# Advice about franchised employement and immigration



## jazzelle (Jan 6, 2009)

Hi there,

I qualified in March 09 as a riding instructor for a US based company called Parelli. I pay them a yearly license fee to be one of their Licensed Professionals and to use their logos, equipment and training materials and Parelli do my advertising for me, but I run my business as my own and don't have to give any of my profits to the company. 

I currently work in the UK. 

I am very interested in moving out to Canada to continue my business out there. I would be able to find work fairly easily as I would be advertised via the Parelli website and would get customers referred to me- looking at the area around Langley as its a particularly horsey area.

How would I go about making my visa application? Would I be a skilled worker? Self employed? Could I get Parelli to write me some kind of job offer for Canada?

Oh, additional stuff...I'm 31yrs, have a BSc in Environmental Science, 7yrs as a Parelli student prior to becoming an instructor, I'm currently dating a Canadian guy, but I don't want to rely on him as a way of getting into the country! 
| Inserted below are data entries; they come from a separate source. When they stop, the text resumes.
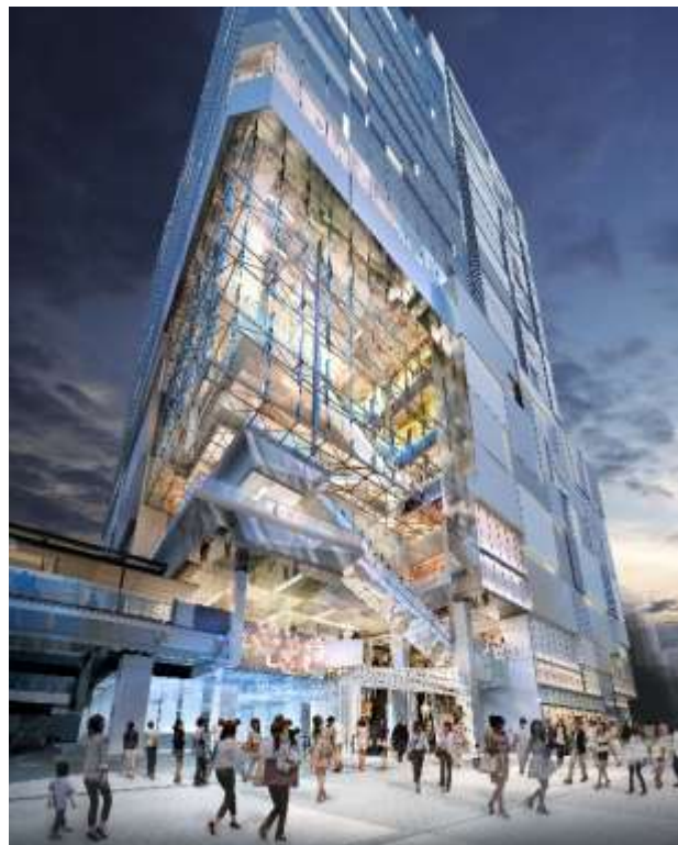
アーバン・コア イメージ
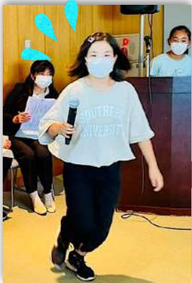
質問者のもとへマイクを持って走ります！
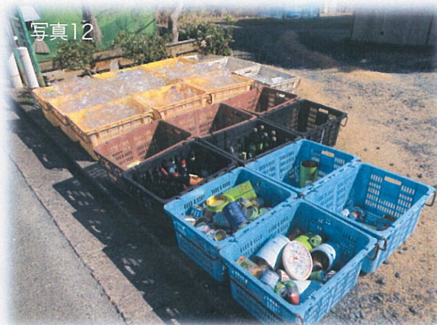
瓶・缶用コンテナ
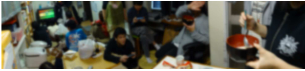
↑お泊り会中の1階の様子です

夜になって、みんなが寝たりしださないのに驚いたのは当たり前、夜中に、シフォンケーキを食べたことと、それから40分ほど経って3分間の軽い睡眠をとったら、それまでの40分間の記憶がすっかり飛んでしまったことまで覚えています。確か眠りについたのは4時40分くらいでしたでしょうか。目覚めたのは7時前でした。
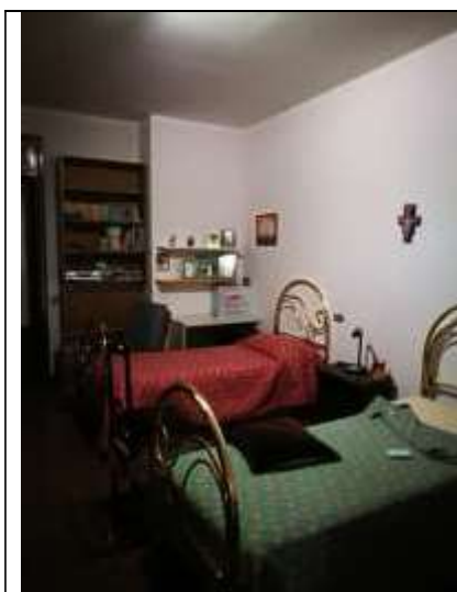
Figura 5 Camera da letto
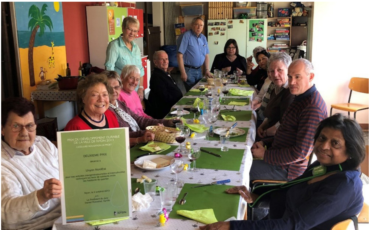
Unyon NordEst et son prix
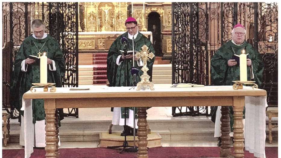
Gottesdienst während der Versammlung der Schweizer Bischöfe in Mariastein.
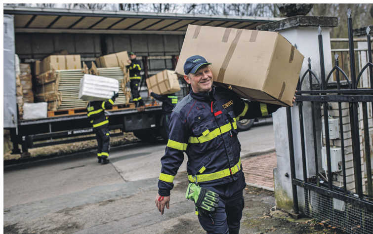
Koordinátorem ubytování uprchlíků je krajský hasičský záchranný sbor, který se podílí také na přípravě ubytovacích prostorů.

V regionu se nadále hledá co největší počet míst pro ubyto-
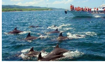
〈イルカウォッチング〉

絵師が、あまりの美しさに絵を描くことができず筆を落としたと言われるほど美しい滝。
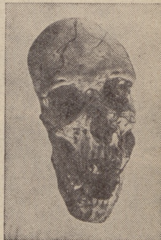
Der Schädel des Oldoway-Menschen. Aus: Reck, „Oldoway“. Mit Genehmigung des Verlags F. A. Brochhaus, Leipzig.

Tiere an und tötete sie, oder er zog aus, um Wurzeln zu graben und Fallgruben auszuheben. Auch die Kunst des Fischfangs kannte er schon. Der Mensch von Oldoway ist also ein höher entwickeltes Wesen als der Neandertaler, dessen geringere geistige Eigenschaften von seinem rohen Schädelbau verraten werden; der Typ des Oldoway-Schädels weist auf asiatische Rassen hin. Wer sich für die Entwicklungsgeschichte der Menschheit interessiert, dem wird das Buch Professor Recks „Oldoway, die Schlucht des Urmenschen“ (Brochhaus, Leipzig) ein Erlebnis bedeuten.
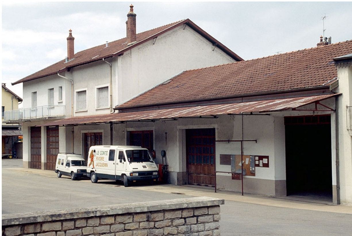
Atelier de réparation, logement et remise.
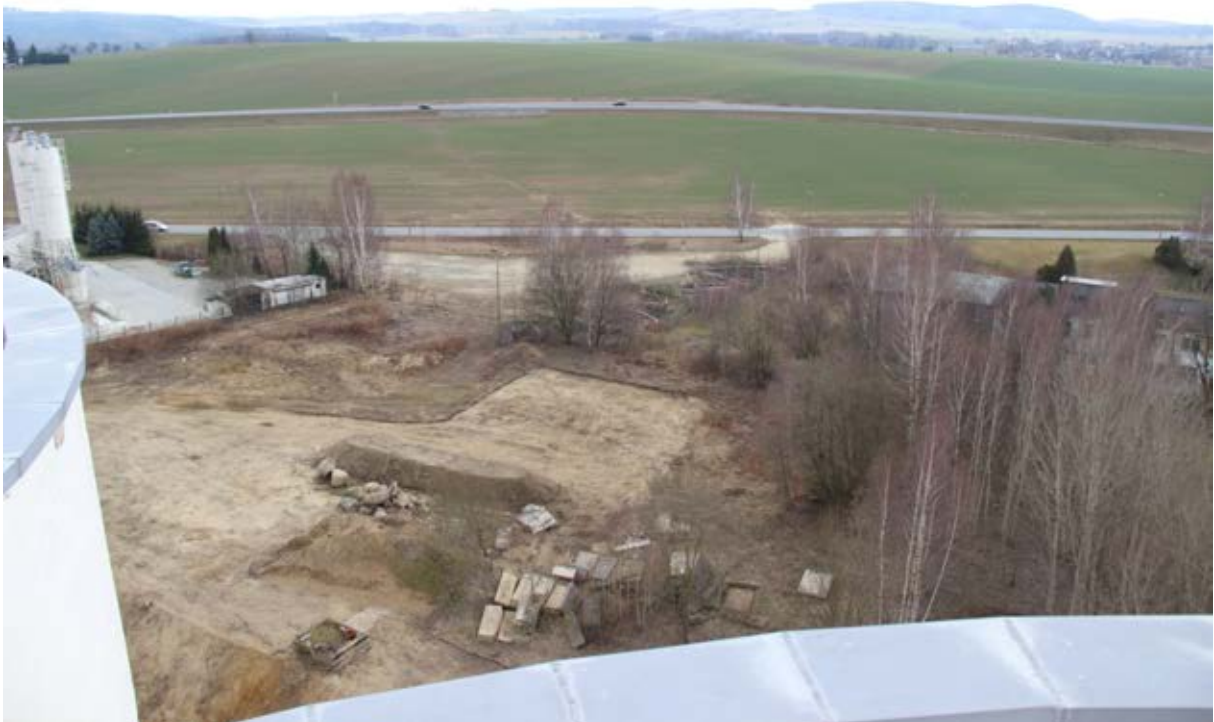
Hier wird die neue Zufahrt zur Agrofert gebaut. Im Hintergrund die Bundesstrasse 98 mit direktem Anschluss an die Agrofert. Die Autobahn 4 (Dresden-Polen) liegt nur wenige Kilometer entfernt. Eine ideale Verkehrsanbindung!

I would very much appreciate your advice. Have asked Q's on here before and always had a good response.

Thanks!


----------



## Auld Yin (Mar 10, 2009)

jazzelle said:


> Hi there,
> 
> I qualified in March 09 as a riding instructor for a US based company called Parelli. I pay them a yearly license fee to be one of their Licensed Professionals and to use their logos, equipment and training materials and Parelli do my advertising for me, but I run my business as my own and don't have to give any of my profits to the company.
> 
> ...


I'm afraid your riding instructor occupation would not get you access to Canada, unless you can obtain pre-arranged employment. Have you turned your degree into a job since obtaining it? If using it, what type of occupation would you seek?
Immigrating to Canada is not easy. If you want to be self-employed then you should look at the requirements in Immigrating to Canada: Entrepreneurs and investors
From what you've written it seems to me that your boyfriend could be your easiest method but even there, you will require to have been in a minimum one-year common-law relationship


----------